I unexpectedly caught this gem when I went with Nick and Eugene to the cinema one lazy afternoon earlier spent on gorging food and wasting time. It’s been a while that I’ve got some thoughts about local films just because recent catch didn’t have much worthy of writing about. I haven’t been keeping up with the local entertainment scene lately, save for producing some corporate videos and helping with shoots for my juniors’ FYP short films.

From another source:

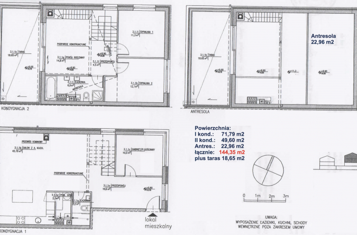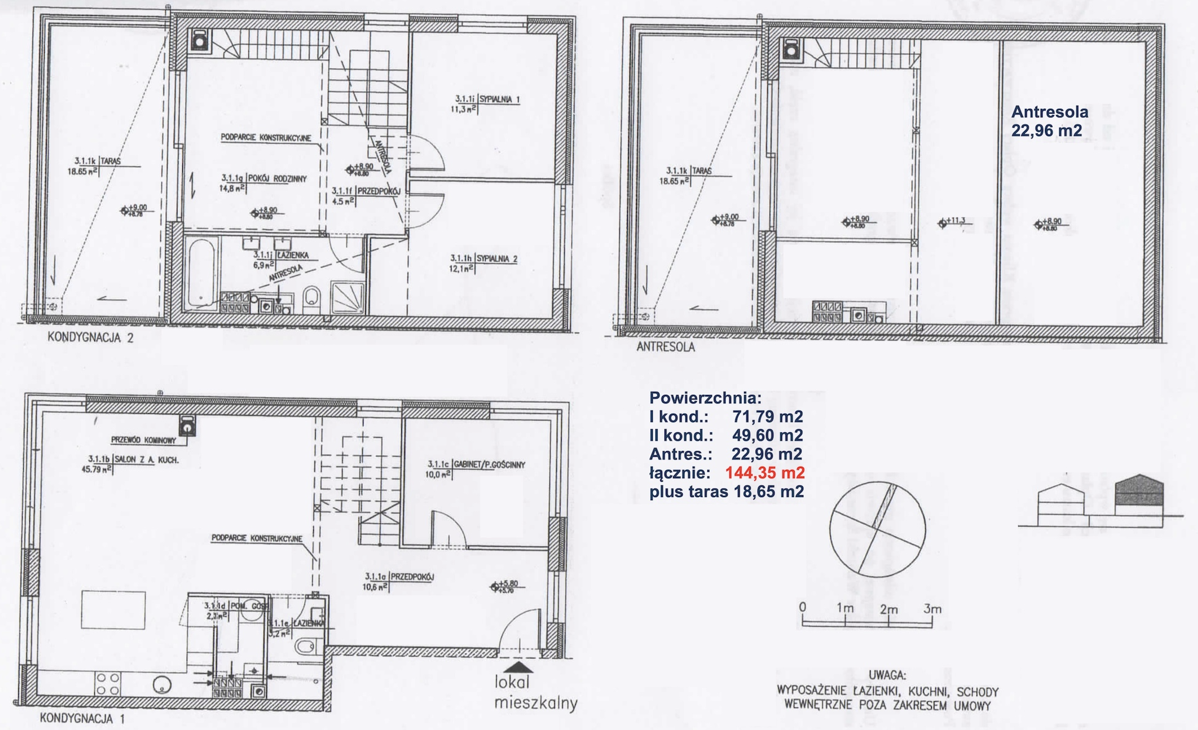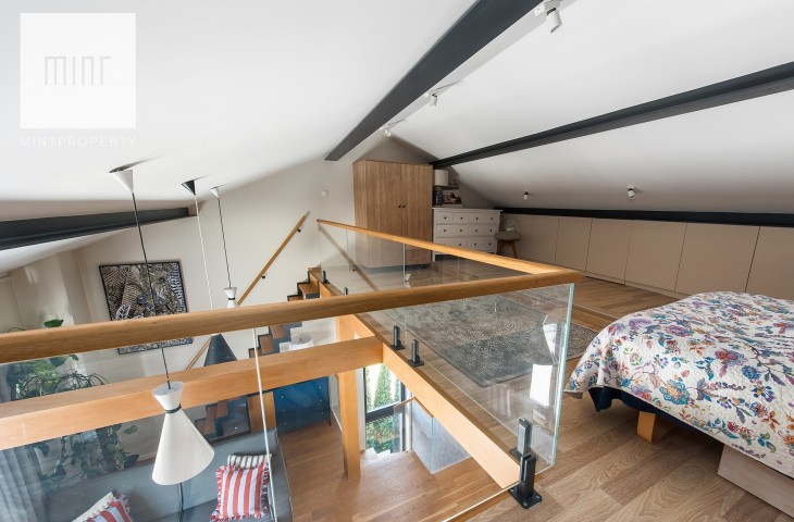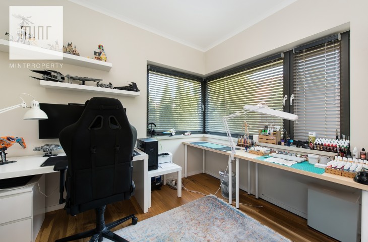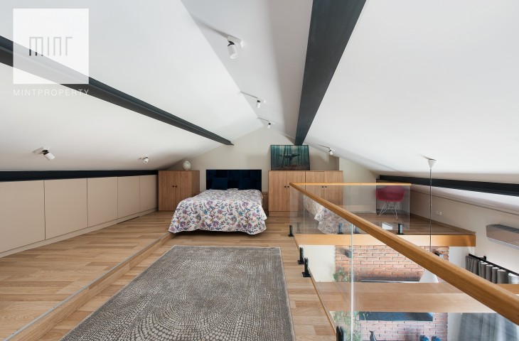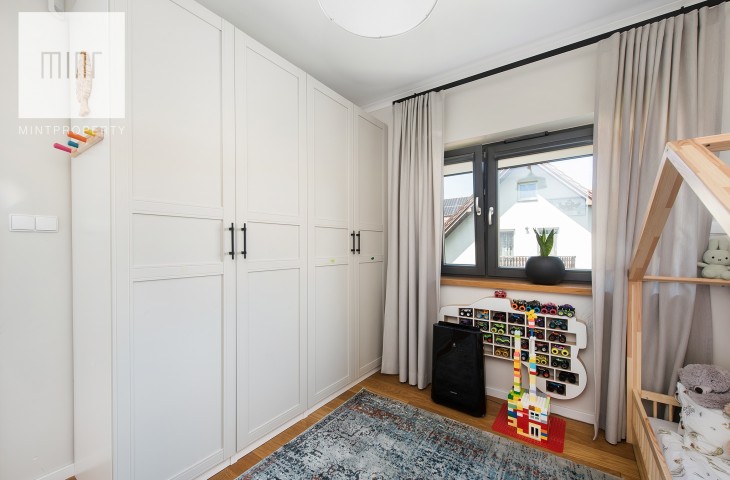 Obecnie w mieszkaniu wydzielone są 3 sypianie. Bez problemu, niewielnkim kosztem, możemy jednak wydzielić dodatkową, czwartą sypialnię na piętrze.

We were a little late 5:20pm when the sparse cinema hall at GV Marina Square finished screening the commercials and opening credits. The film, which opens with a girl in her 20s wanting to return some forgotten pictures from the decades old soon-to-be-shut photo studio to their rightful owners, revolves around the recapping of stories from a park worker (played by Chew Chor Meng) who went through the Great World amusement park’s heydays. He narrates stories from the glorious times of the amusement park to the girl from when she showed him her collection of photos. There are 5 mini stories set in different eras which make up this piece, with the coming together of many familiar local celebrities playing the different dialect-sprouting characters in the film.
For most of Singapore’s younger generation, this movie revives a piece of Singapore’s past that has evidently faded with the springing up of shopping malls and commercial spaces. Needless to say, what’s sits on the site of the amusement park is now the Great World City shopping mall.

Photos: Facebook, National Archives
With the film’s elaborate set design and mis-en-scene splashed with vibrant colours, the re-creation of the original amusement park once again shows Director Kelvin Tong’s ability to pull off high value productions with his international experience and reach. Together with cleverly chosen stories that tied in with few milestones of Singapore history (Separation of Singapore from Malaysia and the Japanese Occupation), this film fills the void of historical films Singapore seems to lack.
I guess local filmmakers just have not been able to leverage on the financial prowess of commercial entities to produce big scale productions that somehow assure profits and unless they credit big names familiar to local audiences. Other than the now defunct TCS local dramas back in the 1990s, there has not been any “historical” local films at all in the scene.
Can this be explained by the drop in quality and budget of MediaCorp productions lately that led to talented writers and directors like Kelvin Tong and Han Yew Kwang venturing into film production instead of television? After all there is a history of the intimate relationship between film and television back when the latter was invented, causing the decline in sales of Hollywood films in the 1940s.
Not wanting to spoil more of the film, the last I heard of this latest offering is that it is fast gaining ground as cinemas will be allocating more slots for keen viewers looking for something different in this traditionally Jack Neo dominated Chinese New Year holiday season. Do catch it if you’re able to.